The director of the Texas Department of Public Safety (DPS) said that there is evidence suggesting the police response to the mass shooting at a Uvalde school was an “abject failure.”
“The only thing stopping a hallway of dedicated officers from entering room 111 and 112 was the on-scene commander, who decided to place the lives of officers before the lives of children,” he claimed.
Eight minutes after Ramos entered, police reported that they had a crowbar that could be used to break open the classroom door, he said. Nineteen minutes after Ramos entered, officials brought their first ballistic shield into the building, he remarked.
During his testimony, McCraw again noted that Ramos entered Robb Elementary through an unlocked door. A teacher previously told news outlets via her attorney as she went inside the building to report a car crash involving Ramos, and when she saw Ramos approaching, she kicked the door shut after propping it open with a rock.
“It was closed, but unlocked,” McCraw said, saying it allowed the gunman to “walk straight through it.”

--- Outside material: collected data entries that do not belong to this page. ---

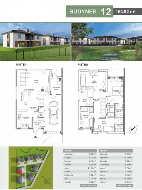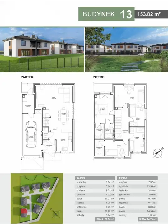 Inwestycja obejmuje budowę 14 domów energooszczędnych w zabudowie bliźniaczej. Budynki będą dwukondygnacyjne, każdy o powierzchni całkowitej 153,82 m kw. z garażem i miejscem postojowym.
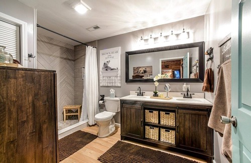 Cedar Hill Lodge at Pine Hurst Bay. Remodeled 2bed 1bath. 5 min to Nolin Lake (Wax Marina) & 40 min to Mammoth Cave. Modern farm design, cedar walls, luxury linens, hot tub, firepit, bourbon themed game room w special edition Jim Beam pool/ping pong table, Pacman & karaoke. 30 ft covered front porch w/ dining/conversation area. Fully equipped kitchen, memory foam mattresses and intelligent TV's. Back patio includes a Blackstone & gas grill.
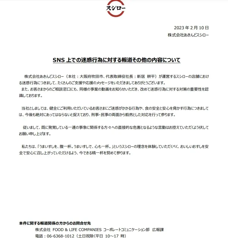 不過,作為受害者的回轉壽司品牌“壽司郎”並不打算息事寧人,而是決定以最嚴格的態度追究該高中生的民事、刑事責任。
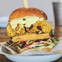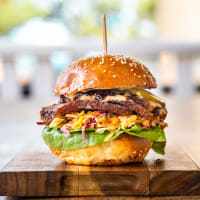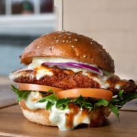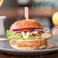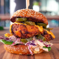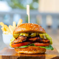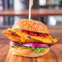 Free-range egg, crispy bacon, rocket, caramelised onion, house-made relish and bbq sauce on a lightly taosted sesame bun.
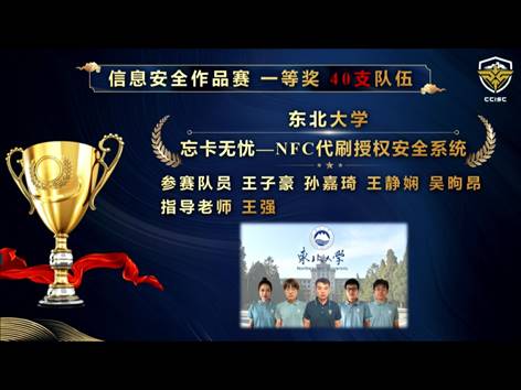 近日,第十四届全国大学生信息安全竞赛落幕。东北大学团队(作品)获得全国一等奖2项、三等奖3项、优胜奖4项,其中由软件学院王强老师指导的“忘卡无忧—NFC代刷授权安全系统”项目荣获大赛“作品赛”全国一等奖;软件学院王冬琦老师指导的N3X战队荣获大赛“创新实践能力赛”全国一等奖。王强、王冬琦老师分别获得大赛优秀指导教师;东北大学作为“作品赛”决赛分赛区承办单位荣获优秀组织奖。
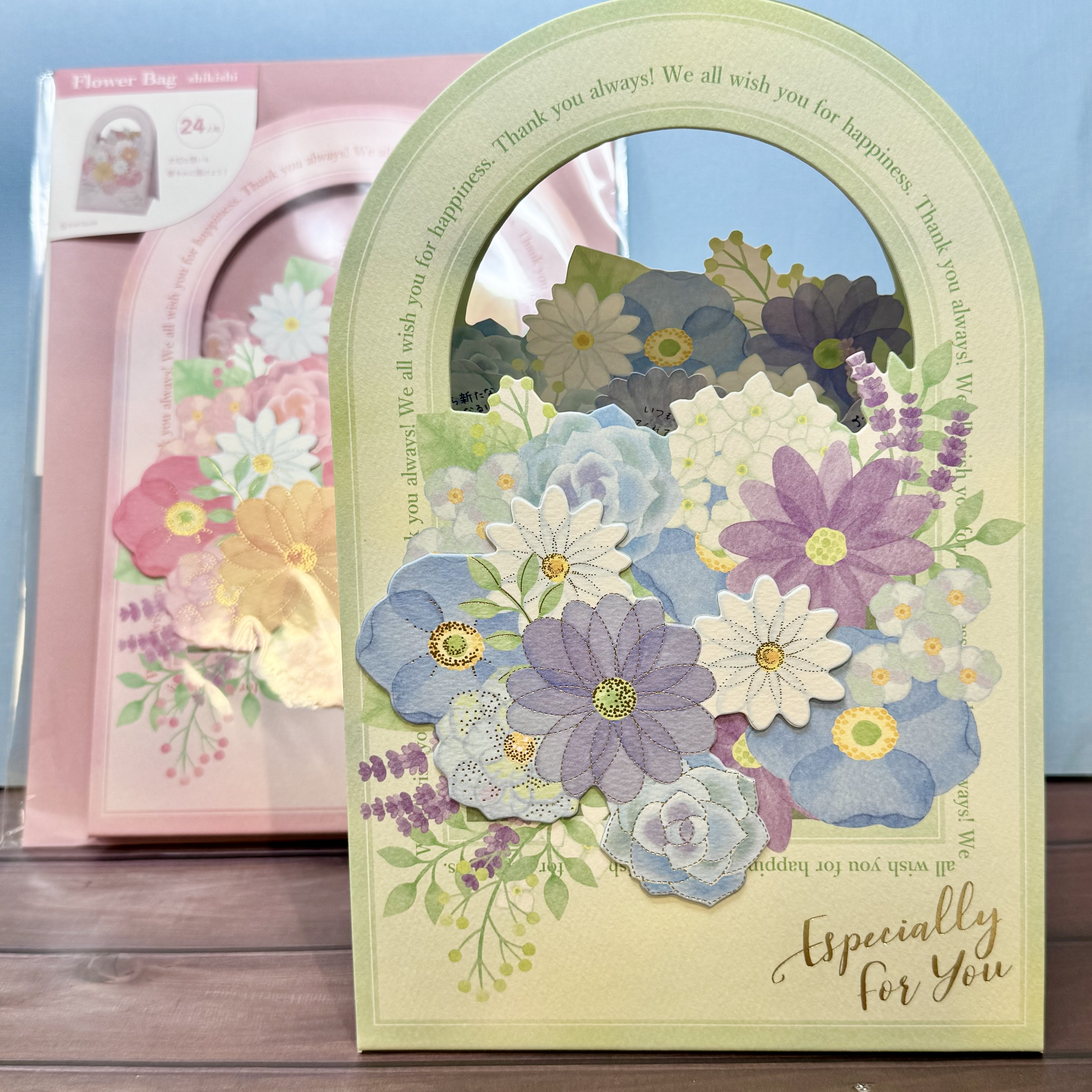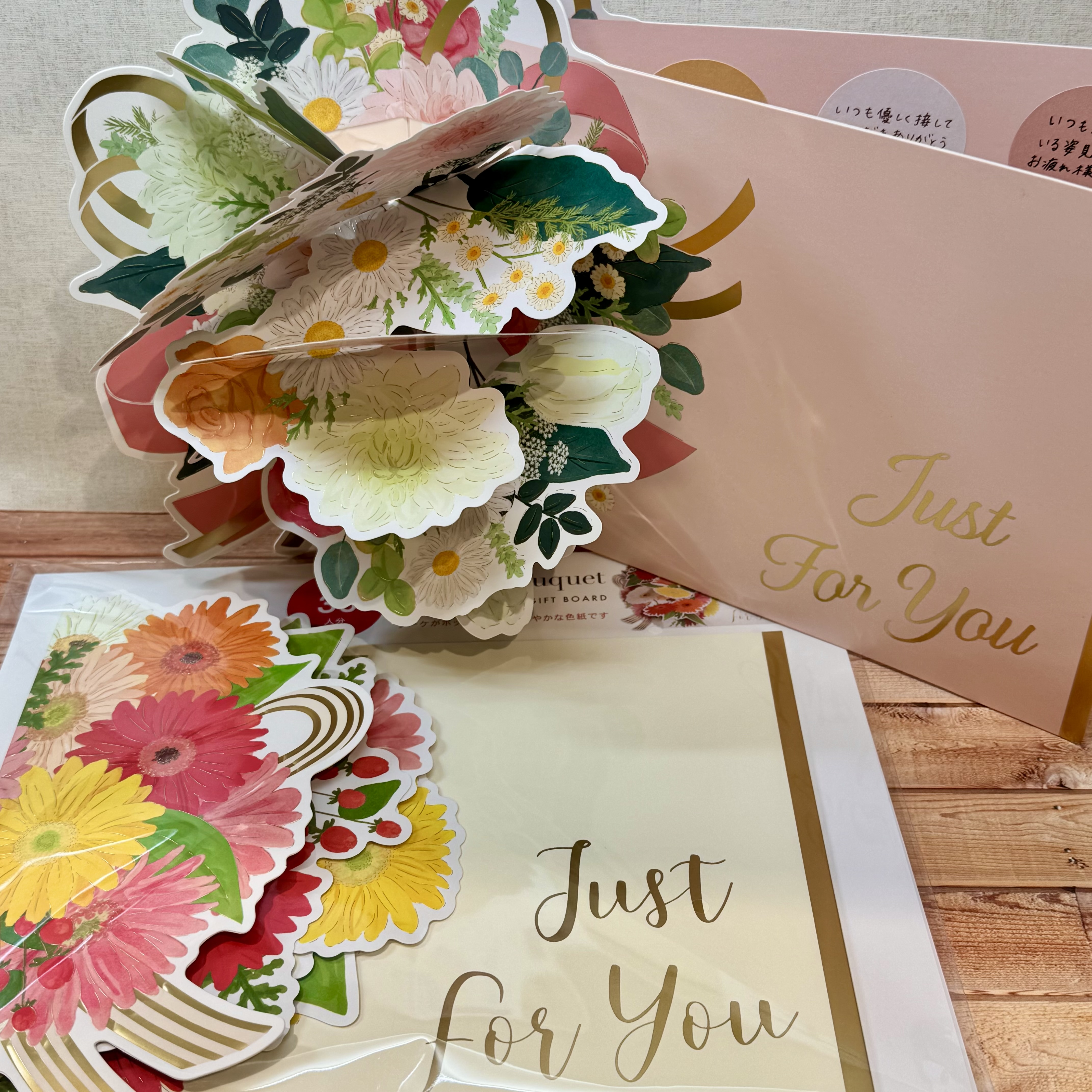 一見、色紙には見えないハートのバルーンが印象的な花束タイプのものから、広げると立体的なブーケになるポップアップタイプのものまで種類豊富にご用意してます。ぜひ、神戸ロフト文具売場へお越し下さい。

McCraw added that regardless of whether the door was locked, the windows to the side could have been shot, which could have allowed Ramos to enter the school. But the classroom that Ramos went to could not have been locked from the inside, McCraw said, further impugning previous accounts that he was barricaded inside the room.
Since the May 24 shooting, which left 19 students and two teachers dead, there have been questions about the role the school police chief, Pete Arredondo, played in the response.
“It has been reported that he didn’t have a radio with him. That’s true. He did not,” McCraw said of Arredondo on Tuesday.
Arredondo later told news outlets that he didn’t consider himself the individual in charge and assumed someone else had taken control of the response.